Twice a year, influenza experts engage in a critically important forecasting bet: pick three to four vaccine strains now that will match the flu viruses people will face in 8-12 months. The strains used in seasonal influenza vaccines are selected by the World Health Organization (WHO), based on recommendations from a global network of scientists and public health laboratories that monitor influenza viruses.
The challenge is that influenza A, the virus responsible for seasonal flu epidemics, is a moving target. When an individual is exposed to the influenza virus by infection or vaccination, their body develops neutralizing antibodies targeting viral surface proteins, primarily hemagglutinin (HA). HA rapidly evolves, accumulating two to four amino acid changes each year. Those edits can enable the virus to evade immune targeting, which is why vaccine strain selection is so hard to get right.
In a recent study published in Virus Evolution, Caroline Kikawa and colleagues in the Bloom Lab at Fred Hutch used recently collected human blood samples to generate a near-real-time dataset detailing how well human antibodies neutralize the diversity of influenza A viruses in circulation. To do this, they developed a high-throughput assay to test antibodies from 188 human serum samples across multiple cohorts collected between October 2024 and April 2025, spanning a wide range of ages and geographic locations. They assayed these sera against a library of 140 influenza A strains representing the diversity of human H3N2 and H1N1 viruses, two major “subtypes” of human influenza A virus, as of summer 2025.
“How to choose which strains to include in the vaccine is a complex problem.” Lead author Caroline Kikawa shares. “Some of the data we use to make these decisions include measurements of how the immune system perceives different influenza viruses; these data are acquired from “neutralization assays,” where we assay the ability of different sera–the component of blood that contains antibodies–to neutralize different influenza viruses.

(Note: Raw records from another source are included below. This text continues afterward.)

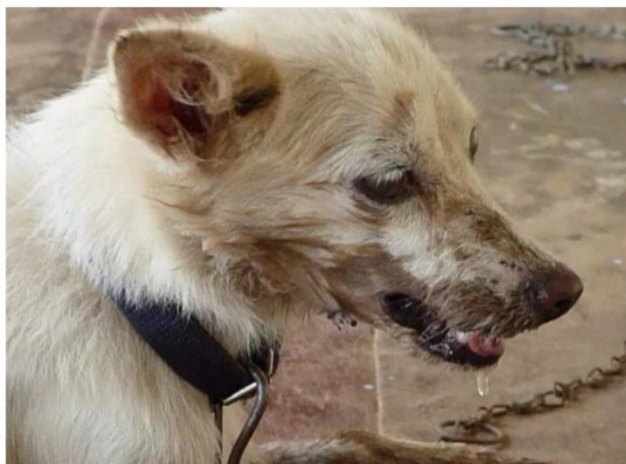
Сурет 1 - Иттің құтыруының клиникалық көрінісі

Құтыру ауруының негізгі көздері - жабайы жыртқыштар, иттермысықтар, кейбір жерлерде-жарғанаттар.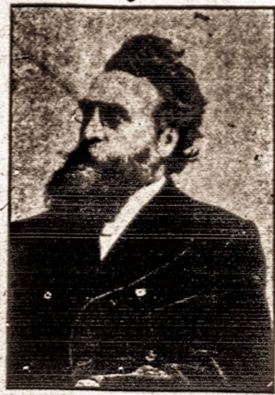
LIETUVOS TĖVAS... DR. JONAS BASANAVIČIUS

Švenčiant vasario 16-ą, negalima nepaminėti tų vyrų, kurie tautą prikėlė iš nelaisvės.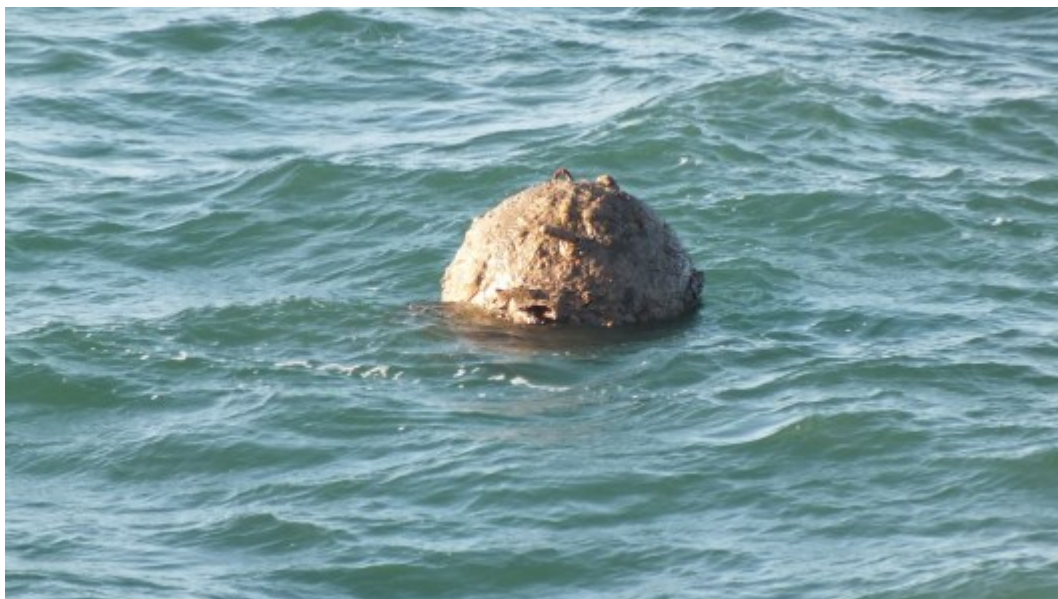
Abb. 9: Treibende Ankertaumine in der Nordsee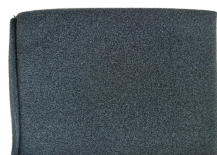
Filtre en mousse pour liquides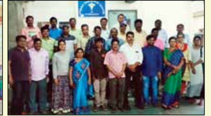
కర్నూలు ఎఫ్ పి సి డైరెక్టర్లకు శిక్షకుల శిక్షణ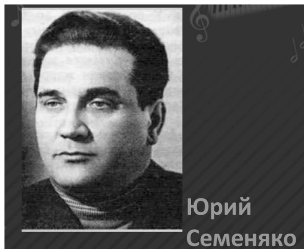
Рисунок 4 — Ю.В. Семеняко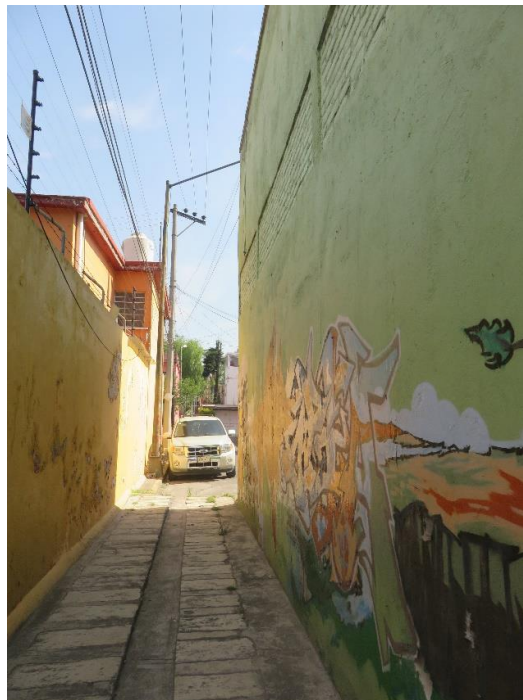
Imágenes 3 y 4. Andadores pequeños, 15 de abril de 2016.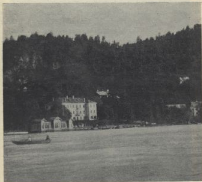
Luisenbad in Veldes.

Von der Station Lees-Veldes, 496 m, führt die Fahrstraße über die Bahn hinüber, beim Gsths. „Zum Triglav“ vorbei, nach W., senkt sich dann bald hinab zur Wurzener Save, welche auf hölzerner Brücke, 430 m Seehöhe, überschritten wird; jenseits am l. Ufer, die Save verlassend, steigt die Straße wieder an, wir passieren einen kleinen Wald, erreichen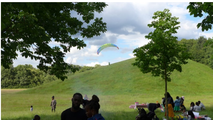
14. Le parc du rondeau et ses deux collines : vastes prairies, calme et vol à voile.

Le parc du Rondeau, traversé par une des sources de l'Écoute s'il pleut, est appelé par les habitants des alentours «les deux dunes » ou d'autres images suggestives.... En effet il contient deux buttes de 15 m de haut, couvertes pour moitié de bois et pour moitié d'herbe, seuls reliefs au-dessus du plateau de la Brie. Entre les deux, une grande prairie propice aux pique-niques.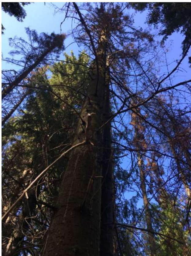
Аварийное дерево № 6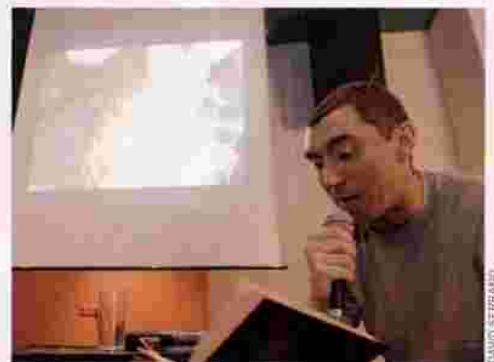
Lectura pornoclásica en LaDinamo de Lavapiés.

¿Te ponen más los Teletubbies que Nacho Vidal? Guiados por la lengua del Padrecito, mulá espiritual del grupo, Pornolab nace del hastío pornográfico de hoy en día presentando un único antídoto posible: imaginación y acción revolucionaria. Inició su andadura, el pasado julio, en el Centro Cultural Conde Duque de Madrid y en centros okupas como el Labo3. En el Pornoduque acogió todo tipo de actividades relacionadas con la experimentación social: talleres colectivos de cunnilingus, de dildos caseros, de depilación genital, pornojockeys, debates sobre porno femenino, juegos de elige tu propia aventura sexual, como los penegramas... Todo bajo la base de «nos cabe todo, nada de apropiarse del porno», dicen en Pornolab. Improvisación, humor, sin doctrinas, tan sólo suculentos bondages (práctica sadomasoquista) al discurso plano de la pornografía capitalista, los primeros jueves de cada mes, en el centro Ladinamo de Lavapiés. «A ver si se estira», dicen. En definitiva, la verdadera vía del Tao Cho Chin, para hablar, ver, degustar, sin pelos en la lengua, porque vale más un gemido que mil palabras en www.pornolab.org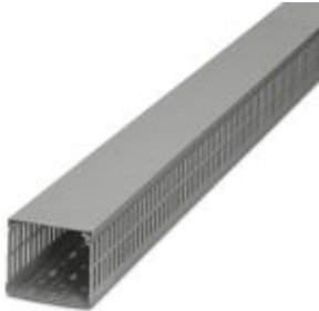
Cable duct, gray, consisting of upper and lower part, width: 30 mm, height: 100 mm, length 2000 mm

Please be informed that the data shown in this PDF Document is generated from our Online Catalog. Please find the complete data in the user's documentation. Our General Terms of Use for Downloads are valid ( http://phoenixcontact.com/download )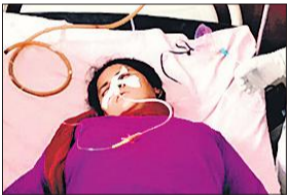
● बालिका के नामकरण में डीजे पर डांस को लेकर हुआ था विवाद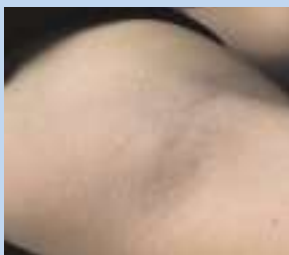
Après trois séances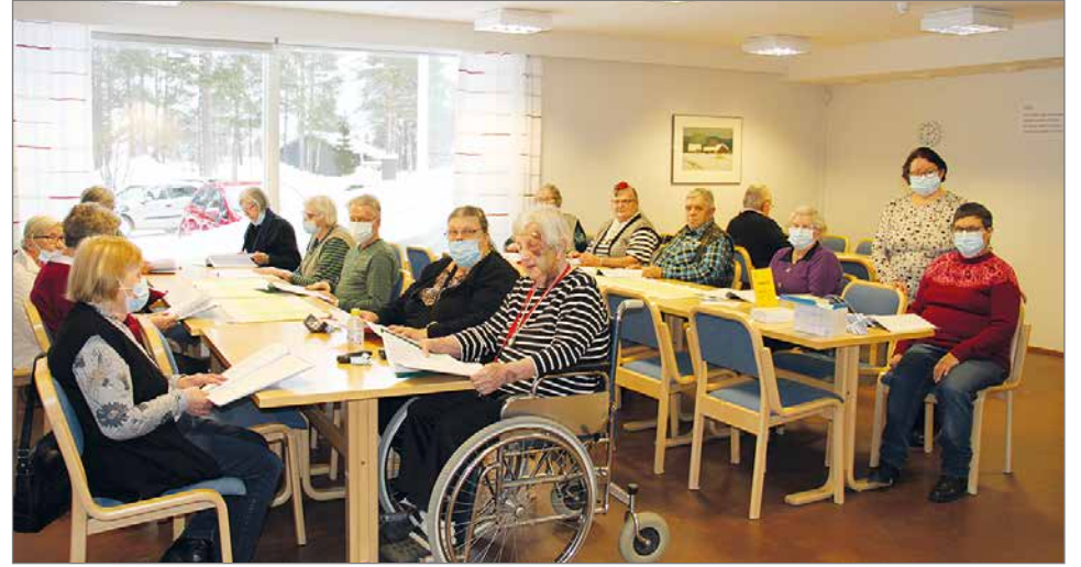
Kevään ensimmäisen kerhotapaamisen osallistujia.

Pudasjärven Invalidit ry pääsi aloittamaan kevätkauden kerhotapaamiset torstaina 10.2. ystävänpäivän merkeissä.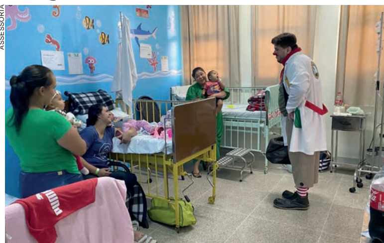
O voluntário é conhecido nos hospitais, onde interpreta diversos personagens e manipulada fantoches para alegrar pacientes, acompanhantes e profissionais de saúde

Outros estudos indicam que terapias de cunho lúdico provocam mudança no comportamento dos pacientes e estimulam a melhora nos quadros clínico e emocional, além de reduzir o estresse no período de internação.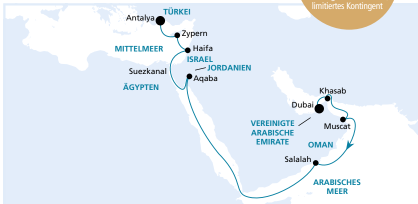
Die Karte zeigt eine optisch vereinfachte Route. Änderungen des Termins, der Route und der Liegezeiten vorbehalten.

Frühbucher- Plus-Ermäßigung: 300 €* p.P. Buchung bis 30.11.2016, limitiertes Kontingent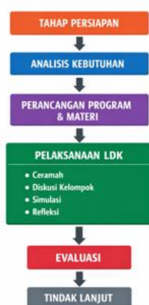
Gambar 1. Bagan flowchart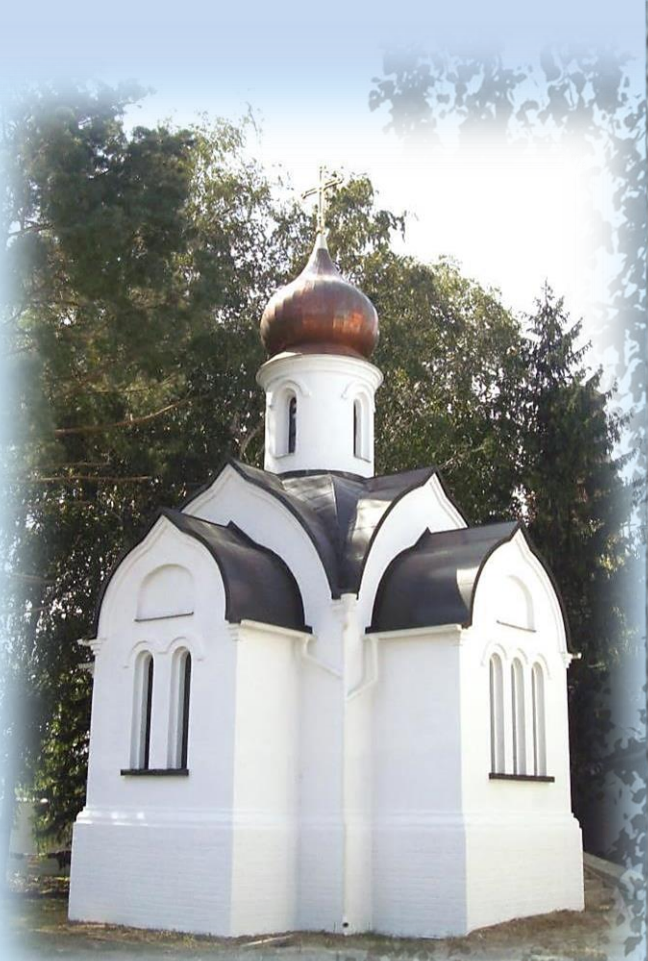
Часовня свт. Николая Чудотворца

Рядом с архитектурным комплексом подворья впервые в России, с благословения митрополита Екатеринодарского и Кубанского Исидора, создается аналог Гефсиманского сада. Конфигурация и размеры сада, его куртин и дорожек, окаймление дорожек камнем-известняком, расположение деревьев, колодца и скамеек в точности повторяют Гефсиманский сад в Иерусалиме, как он выглядит в настоящее время. При оформлении сада цветочно-декоративными растениями использованы те же растения, что в Гефсиманском саду – иссоп, лаванда, герань, алиссум, лобелии, колеус, портулак, антирриниум, агератум, циннии, сальвии, ирисы, розы и др. Ограда сада изготовлена аналогично ограде современного Гефсиманского сада в Иерусалиме, какой она является с восточной стороны. В настоящее время ведутся работы художником по камню и скульптором (строительство пещеры, стены с барельефами «Моление о чаше» и «Арест Спасителя»).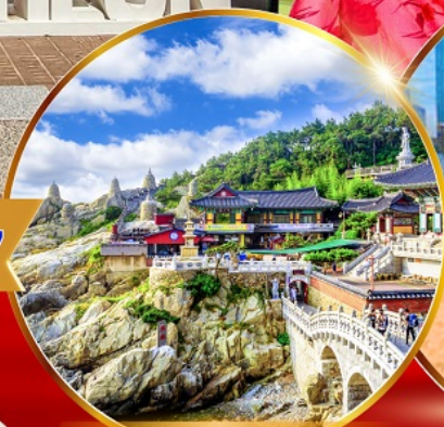
วัดแสดงยงกุงซา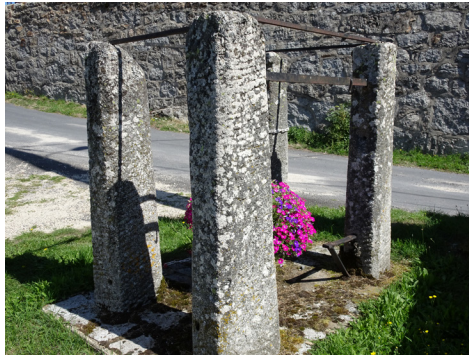
Veyrès : le métier à ferrer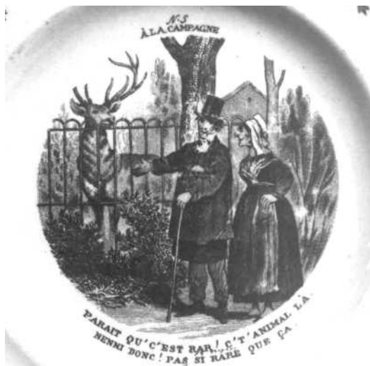
- 5 -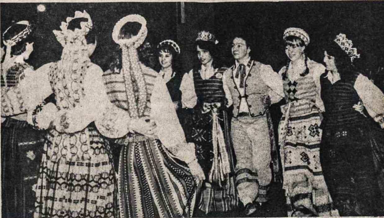
Hartfordo Berželio tautinių šokių grupė šoka zanavykų aplinkinį savo metiniame koncerte vasario 5.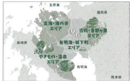
イラスト地図提供:佐賀県観光連盟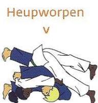
O-goshi Grote heup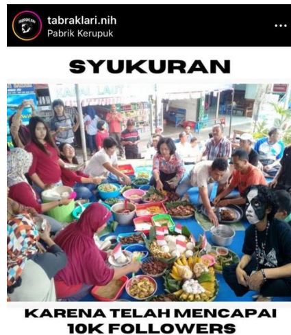
Gambar 2 Salah Satu Bentuk Unggahan Band hardcore Tabrak Lari di Instagram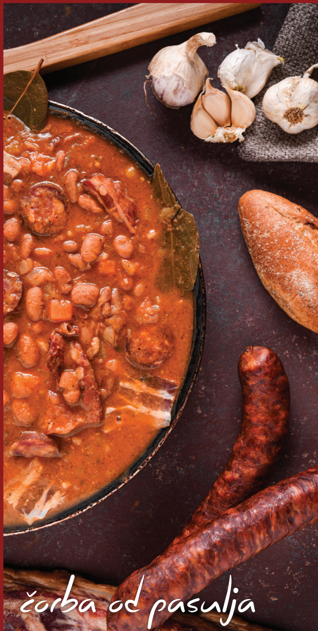
čorba od pasulja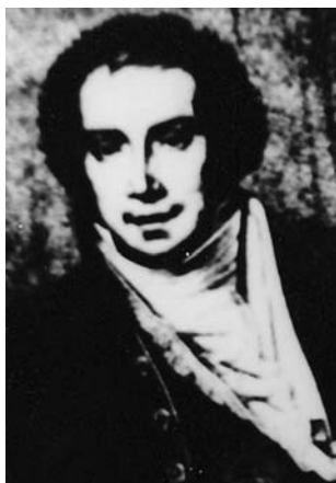
Fig. 1.—Jean Louis Marc Alibert (1768-1837).

Our work is an application of a new, sequencing-based neutralization assay which was developed in the Bloom lab that allows us to simultaneously measure neutralization of >100 viruses in close to real-time.”
The key technical trick is barcoding. Each viral strain in the pooled library carries a unique nucleotide “tag,” so the researchers can mix many viruses together, expose that mixture to serial dilutions of a single serum, and then use sequencing to read out the tags and determine how well each virus strain infects cells in the presence of virus-neutralizing antibodies from the serum. From these data, for each virus strain they calculated neutralization titers, or the dilution of serum that reduced virus infectivity by 50%, with a higher titer indicating stronger antibody protection.
The result is a massive dataset: 26,148 neutralization titer measurements capturing how heterogeneous human immunity to influenza can be, both across individuals and across virus strains. So, what did the landscape show? For H3N2, the titers against the most recent cell-derived 2025-2026 vaccine strain were in the same ballpark as titers against many other contemporary strains in the library (representing “today’s” flu viruses). In other words, for most circulating H3N2 flu viruses, people’s antibodies worked as equally well as they did against the current vaccine strain. This suggests the virus hasn’t changed much from the vaccine strain. However, the data also revealed a few small groups of viruses that antibodies struggled to neutralize–early warning signs of strains that could become a bigger problem if they start spreading widely. In contrast, serum from different individuals showed fairly uniform neutralization across all recent H1N1 strains, suggesting less antigenic divergence, in line with H1N1 being known to evolve more slowly than H3N2.
This work represents an exciting proof-of-principle that such assays can produce population-level immune measurements fast enough to potentially inform real-time public health decisions, rather than only retrospective analyses. “We performed this work on a timeline to provide the data publicly in advance of the WHO vaccine choice meeting in September 2025. At that meeting, these data were used to rationalize an updated component of the Southern Hemisphere 2026 seasonal influenza vaccine.” Kikawa adds.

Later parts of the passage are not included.